→ DESCRIPTION OF THE TASK:
Only one stretch of the data should be retyped: the lines from the line containing "Anchor Handling Tugs" through the line containing "Bodybuilders of the". Keep pictures out of it.

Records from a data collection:
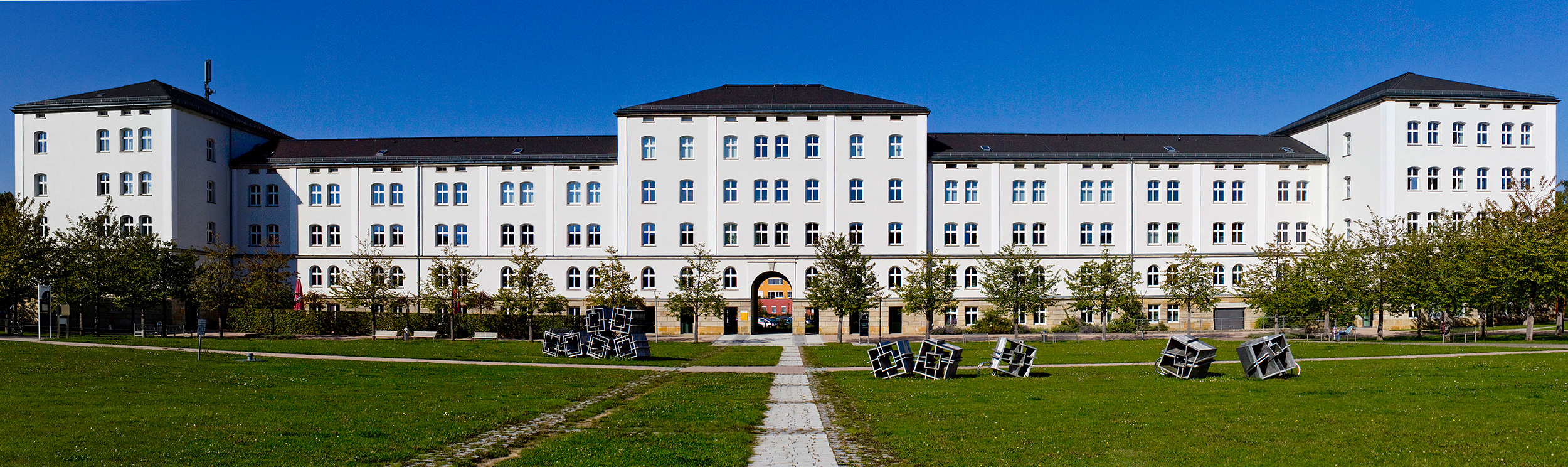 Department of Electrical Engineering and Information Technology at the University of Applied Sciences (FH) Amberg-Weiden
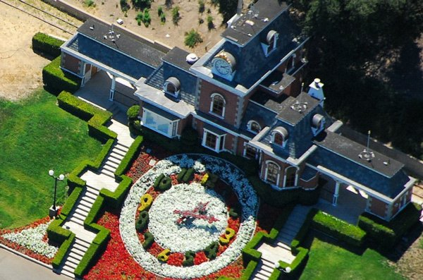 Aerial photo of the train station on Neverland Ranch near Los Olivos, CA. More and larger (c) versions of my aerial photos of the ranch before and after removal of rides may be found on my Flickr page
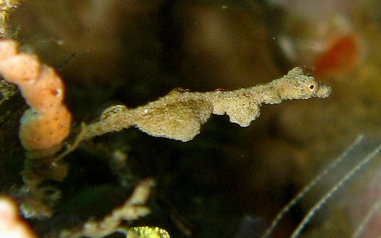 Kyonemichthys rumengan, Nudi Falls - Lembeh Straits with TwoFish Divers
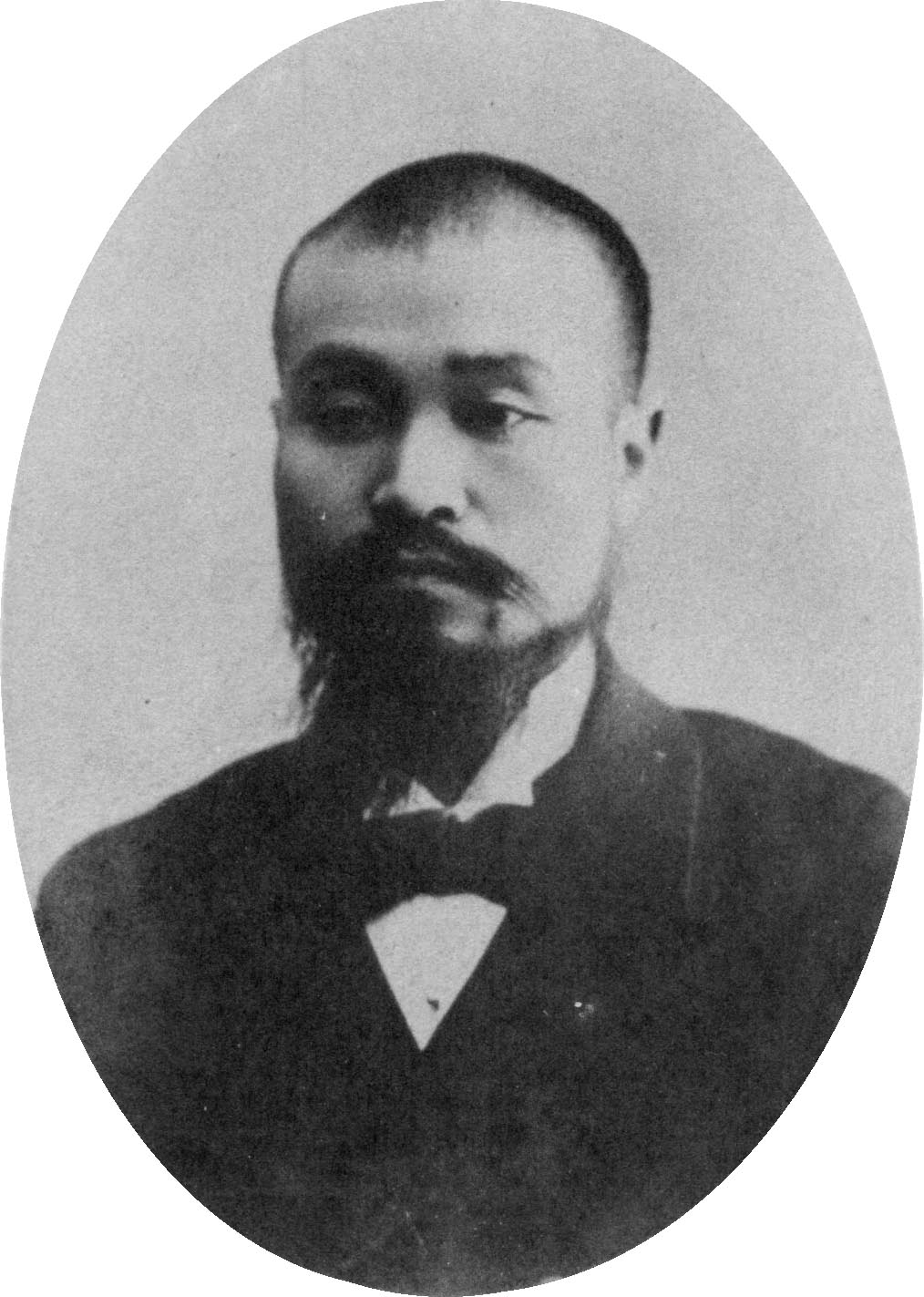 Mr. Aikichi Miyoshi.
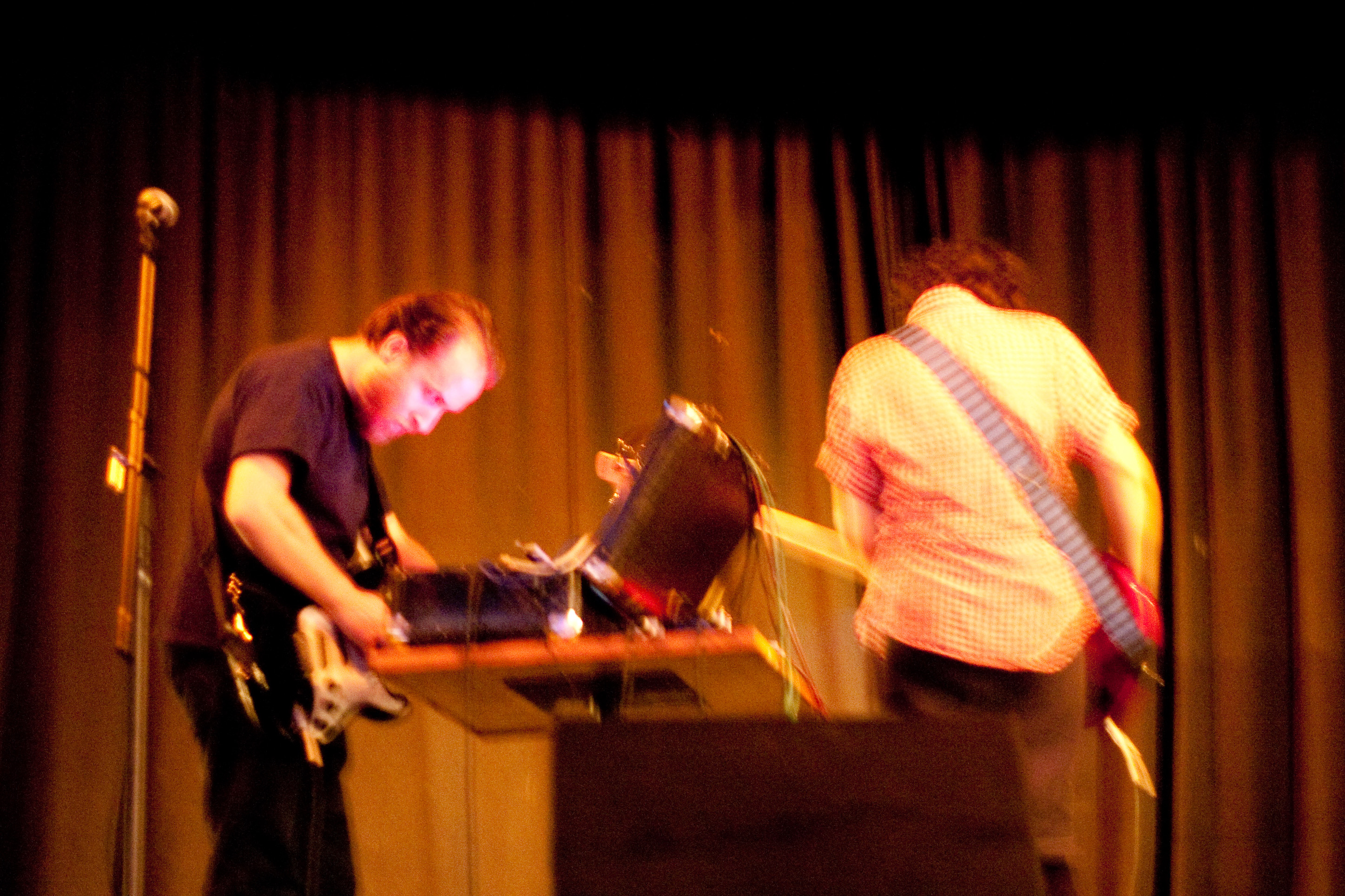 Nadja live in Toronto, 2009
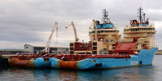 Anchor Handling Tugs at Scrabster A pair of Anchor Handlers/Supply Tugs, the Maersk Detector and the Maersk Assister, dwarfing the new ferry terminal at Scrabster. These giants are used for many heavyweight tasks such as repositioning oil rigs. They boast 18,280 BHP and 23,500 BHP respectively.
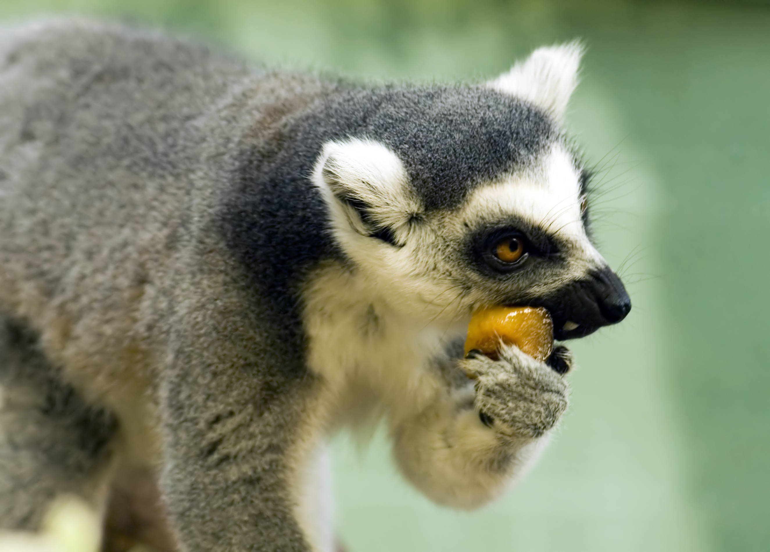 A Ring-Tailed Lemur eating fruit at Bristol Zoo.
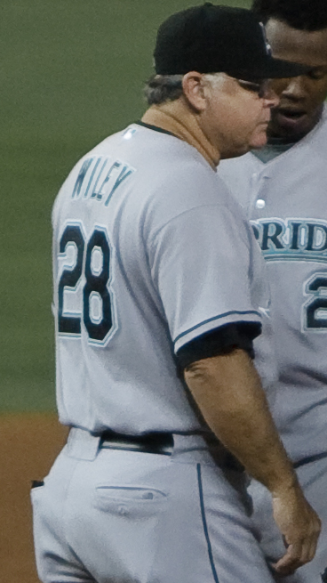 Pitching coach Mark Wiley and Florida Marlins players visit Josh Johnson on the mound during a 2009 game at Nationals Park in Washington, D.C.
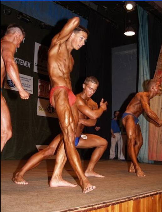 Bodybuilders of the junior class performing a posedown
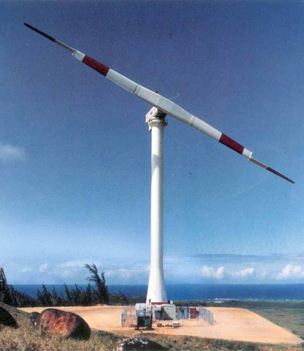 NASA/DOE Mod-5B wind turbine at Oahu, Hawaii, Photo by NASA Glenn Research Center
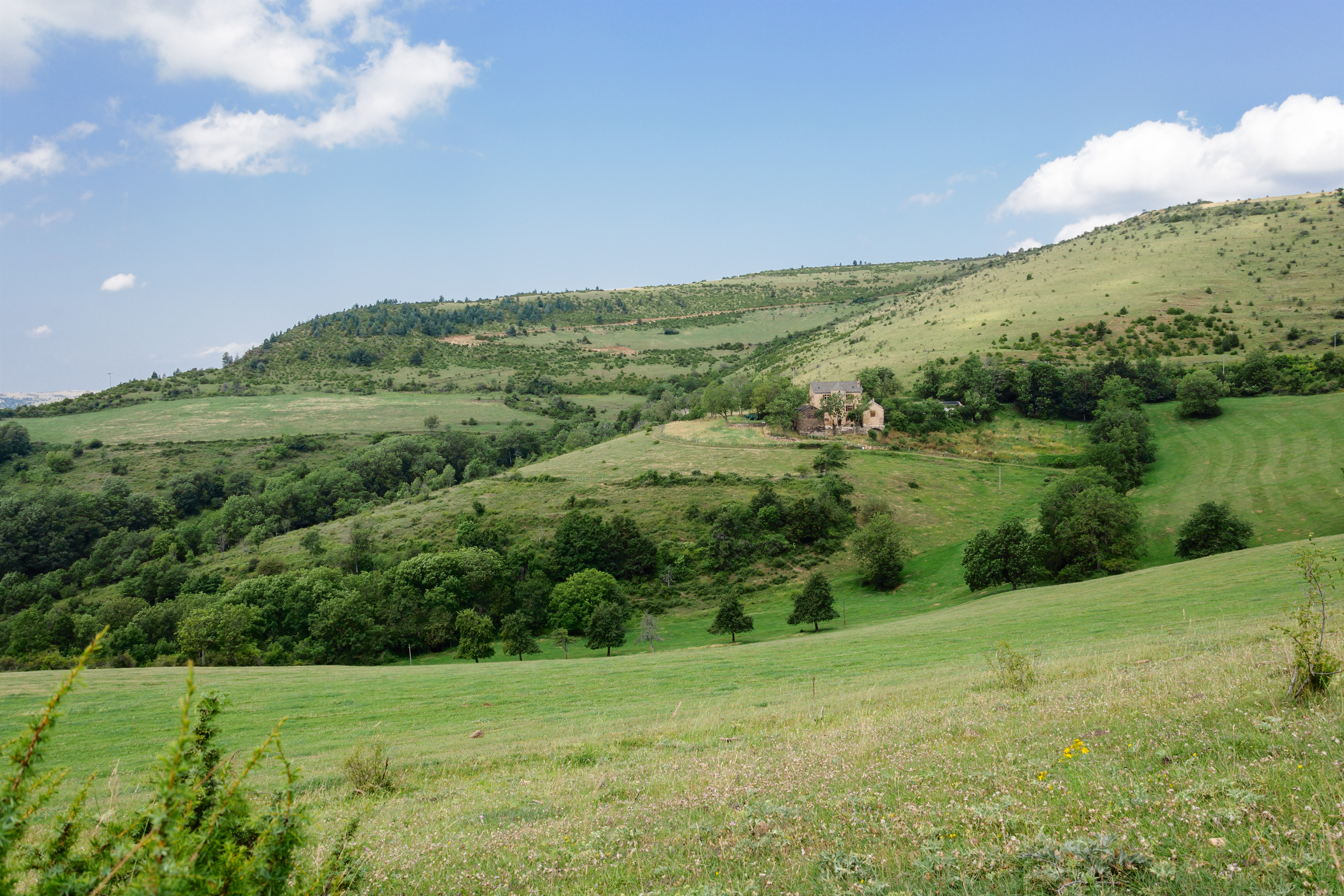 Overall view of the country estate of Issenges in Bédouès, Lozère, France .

→ OUTPUT:
 Anchor Handling Tugs at Scrabster A pair of Anchor Handlers/Supply Tugs, the Maersk Detector and the Maersk Assister, dwarfing the new ferry terminal at Scrabster. These giants are used for many heavyweight tasks such as repositioning oil rigs. They boast 18,280 BHP and 23,500 BHP respectively.
 A Ring-Tailed Lemur eating fruit at Bristol Zoo.
 Pitching coach Mark Wiley and Florida Marlins players visit Josh Johnson on the mound during a 2009 game at Nationals Park in Washington, D.C.
 Bodybuilders of the junior class performing a posedown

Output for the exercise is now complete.